### HOW TO COMPLETE THIS TASK
This calls for a verbatim copy of all the data, with no images carried over.

### AVAILABLE DATA
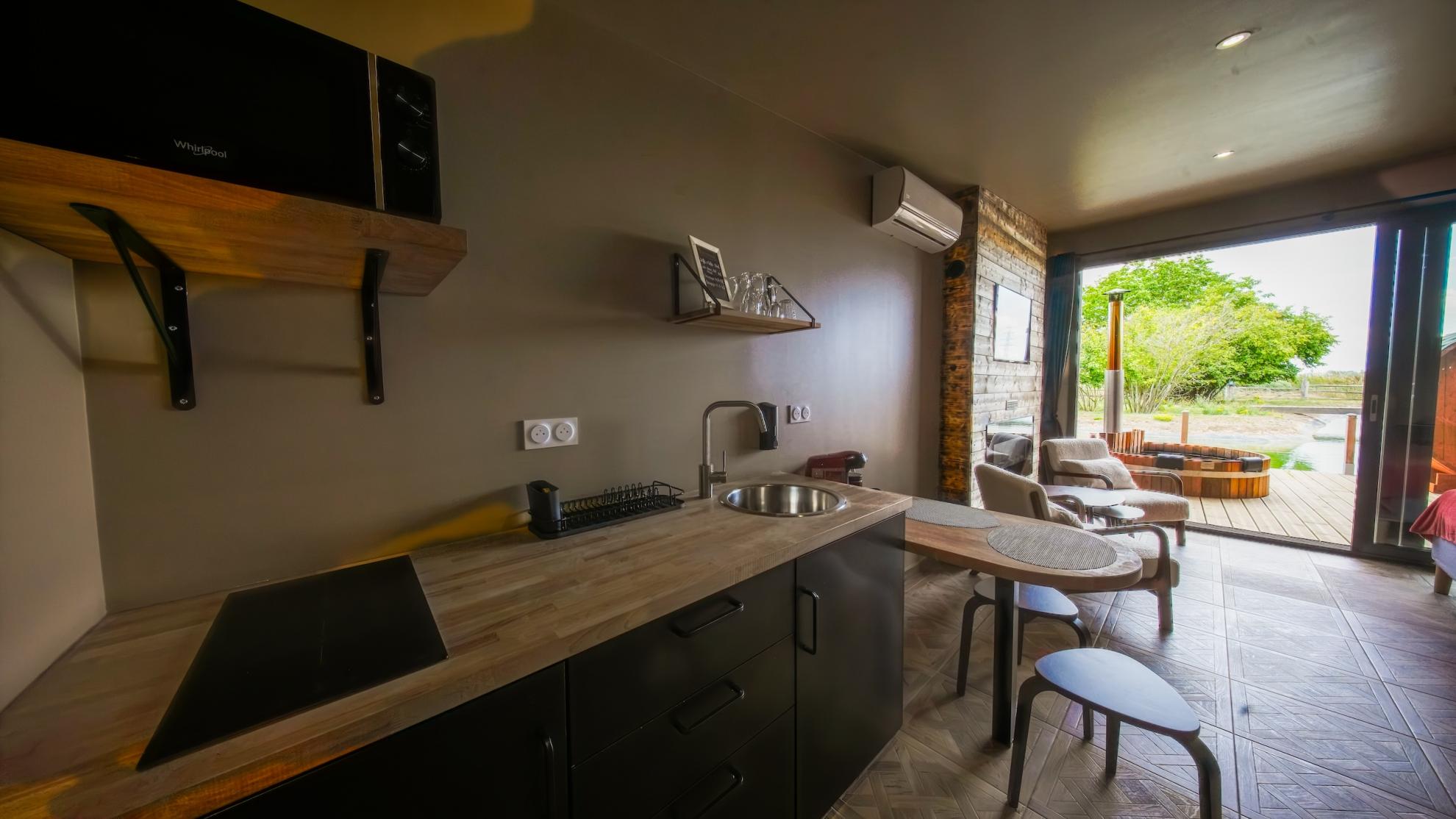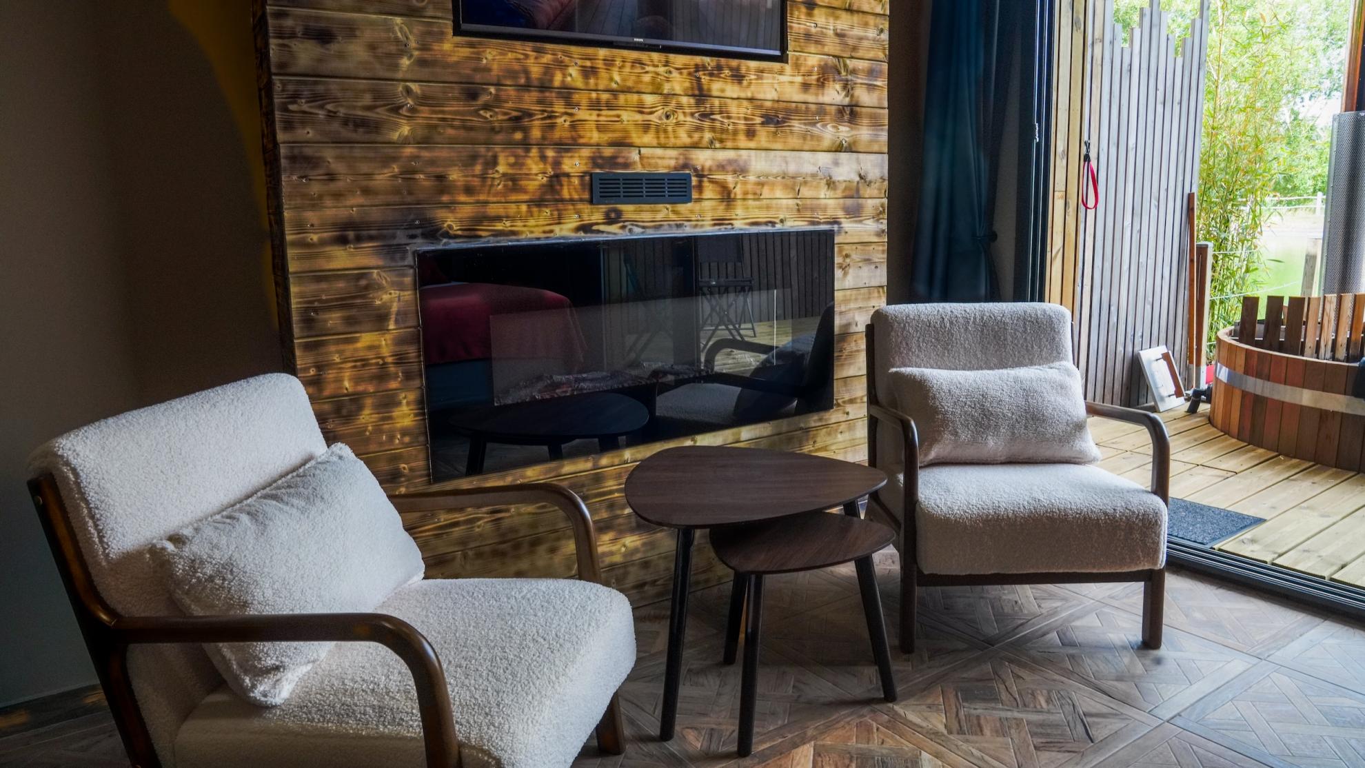 En plus de son bain nordique et de son sauna extérieur, votre lodge l'Authentik est équipé d’une salle de bain avec douche à l’italienne, de WC séparés, d’une kitchenette et d’un coin salon, près de la cheminée.
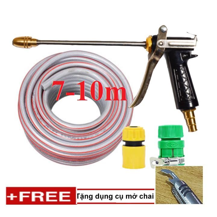 Bộ dây vòi xịt nước rửa xe, tưới cây . tăng áp 3 lần, loại 7m, 10m 206318 đầu đồng,cút,+ tặng mở chai
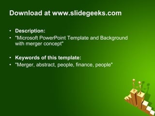 This PowerPoint template features an abstract background design related to the concept of a merger, and is intended to be used when presenting information about a merger. It includes keywords like "merger", "abstract", "people", and "finance" to help identify its purpose and content. The template can be downloaded from www.slidegeeks.com.

### REPLY
 En plus de son bain nordique et de son sauna extérieur, votre lodge l'Authentik est équipé d’une salle de bain avec douche à l’italienne, de WC séparés, d’une kitchenette et d’un coin salon, près de la cheminée.
 Bộ dây vòi xịt nước rửa xe, tưới cây . tăng áp 3 lần, loại 7m, 10m 206318 đầu đồng,cút,+ tặng mở chai
 This PowerPoint template features an abstract background design related to the concept of a merger, and is intended to be used when presenting information about a merger. It includes keywords like "merger", "abstract", "people", and "finance" to help identify its purpose and content. The template can be downloaded from www.slidegeeks.com.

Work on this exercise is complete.